Abstract

The removal of impacted teeth is one of the most common procedures performed by oral and maxillofacial surgeons. Reduction of discomfort post-operatively and efficient local anesthesia are imperative for success in surgical practice. At sub-anesthetic doses, ketamine has a noticeable analgesic action, which can be used to supplement local anesthesia with minimal side effects. To assess the efficacy of low-dose ketamine as an adjunct to local anesthesia in the management of pain, swelling and trismus after surgical removal of impacted mandibular third molars. Twenty five patients with bilaterally symmetrical impacted mandibular third molars requiring surgical removal under local anesthesia were selected for the controlled clinical study. The third molar sites of all patients enrolled in the trial were randomly assigned into 2 groups: Local Anesthesia (Lignocaine) Alone [LAA] and Local Anesthesia plus ketamine [LAK]. 5ml of local anesthetic (Lignocaine Hydrochloride 2% with epinephrine 1:100,000) was injected in the 'LAA' group while the 'LAK' group received 5ml of local anesthetic plus 0.2mg/kg ketamine. Patients were blinded to the solution used and the operator recorded the group (LAA or LAK) and the respective site (Right or Left) for analysis.
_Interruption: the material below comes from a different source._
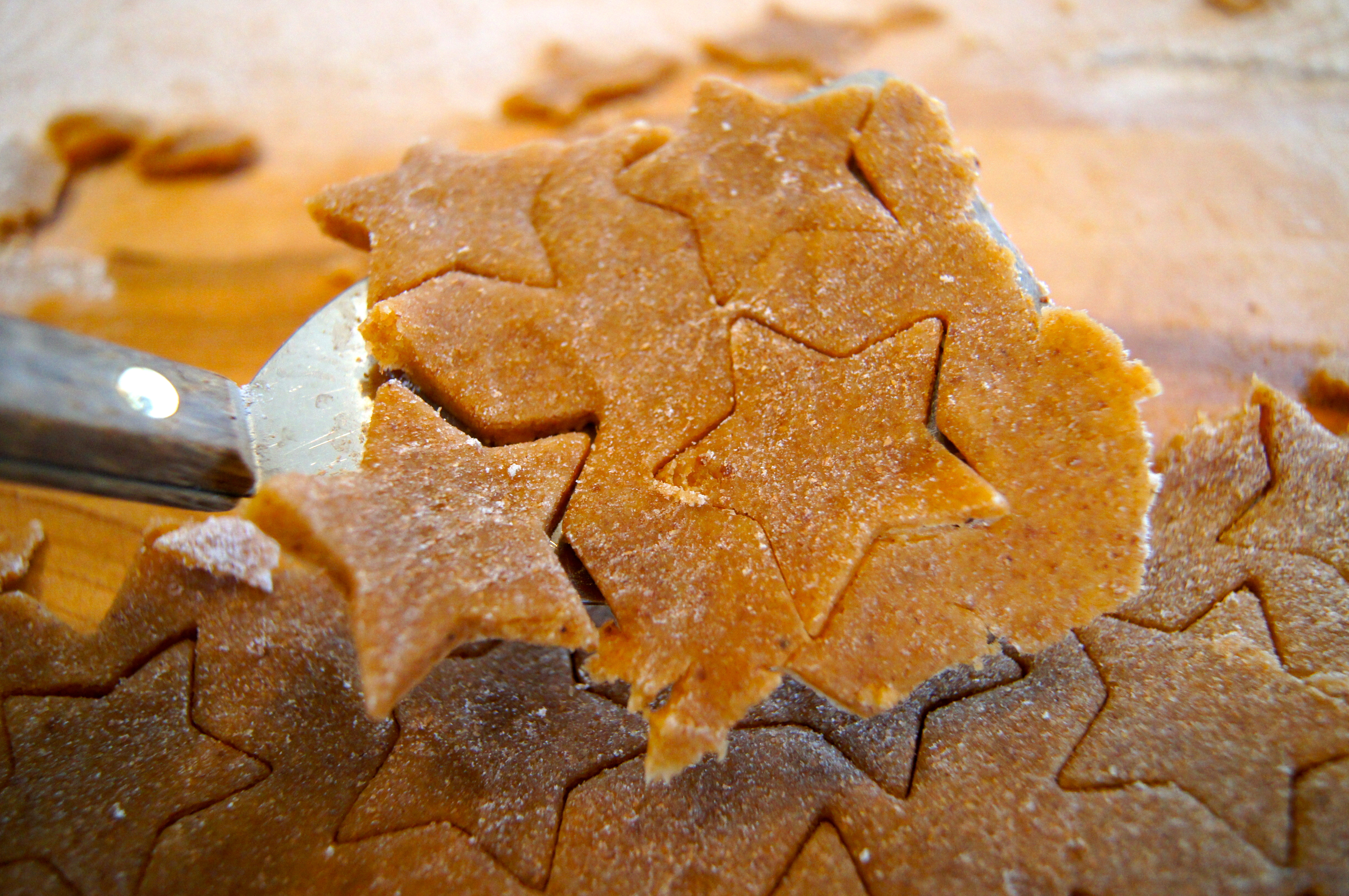 ImageNext, take a small spatula and scoop up as much dough as you are able to fit onto the spatula.  Remove the excess dough around the shapes so that all you are left with is the shapes you’ve cut out, like this

Bilaterally symmetrical impacted mandibular molars were removed at an interval of 15 days. Facial swelling on post-operative days was significantly lower in the LAK group than in the LAA group (p<0.05). The pain scores on the VAS were significantly higher in the LAA group than in the LAK group (p<0.05). The role of ketamine in low doses as an analgesic and anti-inflammatory is evident in our study. The combination of a local anesthetic and sub-anesthetic doses of ketamine injected for surgical removal of impacted third molars provides good local anesthesia while alleviating post-operative sequelae for the patient by providing a degree of post-operative analgesia with less swelling.